Seeing this, and the use of zig for https://github.com/tigerbeetledb/tigerbeetle I wonder if zig might become a good tradeoff vs rust for servers if in long term it's more readable and maintainable and with a different approach to quality.

I would also be interested to hear the compile time, binary size and memory usage of those example apps.

Looks like the underlying facil.io library hasn't seen any commits since 2021, so that's a bit of a red flag. https://github.com/boazsegev/facil.io


Thanks, we did a podcast interview this past Sunday on TigerBeetle, also looking at safety as a philosophy (beyond what any language can provide), that I hope you enjoy: https://www.youtube.com/watch?v=0pHHb6ONTbw


In what industries is Zig popular? I'm asking as I saw Zig as being the 'highest' paid language on the 2023 Stack Overflow Dev survey - https://survey.stackoverflow.co/2023/#section-salary-salary-...

The performance looks outstanding!


My company uses Zig to write software for small Linux devices, such as set-top boxes.

The biggest benefit isn't exactly performance, but the absurdly tiny binaries it produces (very convenient if you are working with small flash disks!), and how the Zig standard library doesn't depend on anything other than the kernel, which means you can often entirely ignore all library issues; more often than not our software 'just works' when built for some new customer platform even though I've never even targeted that environment (or even CPU architecture) before.


If you don’t mind me asking, how long has your company been using Zig in production?


We first finished a Zig application three years ago, but that was a fairly small demo project which we didn't have to support afterwards.

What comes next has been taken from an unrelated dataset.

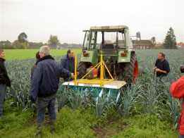 Na de machine aan het werk gezien te hebben, werd de middag afgesloten met een levendige discussie. Duidelijk werd dat de machine nog aanpassingen vraagt om geschikt te zijn voor de toepassing in prei. Prei heeft een waslaag en vraagt waarschijnlijk om een hogere dosering UV licht dan de 15-20 mj/cm2 die nu gegeven is. Ook de capaciteit van de machine moet worden vergroot om het arbeidstechnisch mogelijk te maken 2-3 keer per week de behandeling uit te voeren. Het gaat dan om een bredere machine (18 m of meer) en mogelijk een hogere rijsnelheid met een voldoende mj/cm2. Het is een must dat deze machine op tijd klaar is om in 2009 tijdig met behandelingen te starten. Er moet financiering gevonden worden om de aangepaste machine te bouwen. Kosten worden geschat op 80.000-100.000 euro. Een noodzakelijke investering want zonder een juiste machine, geen goede praktijk-proeven en zonder die proeven geen acceptatie.

Zig is very popular for WebAssembly: https://wasm4.org/blog/jam-2-results/


It's still pretty early on, but it's aim is to be a C successor I believe. Main example of usage off the top of my head is for bun.sh


how is that different from rust? or is rust a cpp successor?


Rust lives in the smart pointer world. So a good candidate as a c++ succesor. Zig lives in arena alloc and soa world. So it's a better than rust when you need performance beyond the norm.


Just to be clear, you can absolutely do arena allocation and soa in Rust.


In Rust you have convenient escape hatch with a default allocator. It's similar to say "you can do safe applications using C or C++".


Rust is more of a c++ successor, yes.

It’s very much a kitchen sink language.


Zig is still rather new, but it would be a good alternative to C, C++, Rust and Go.


Zig is mostly a good alternative to C.

If Rust or C++ are possible options, Zig probably isn't what you really want. Rust is especially good if you can keep everything in Rust and make the most of the ecosystem.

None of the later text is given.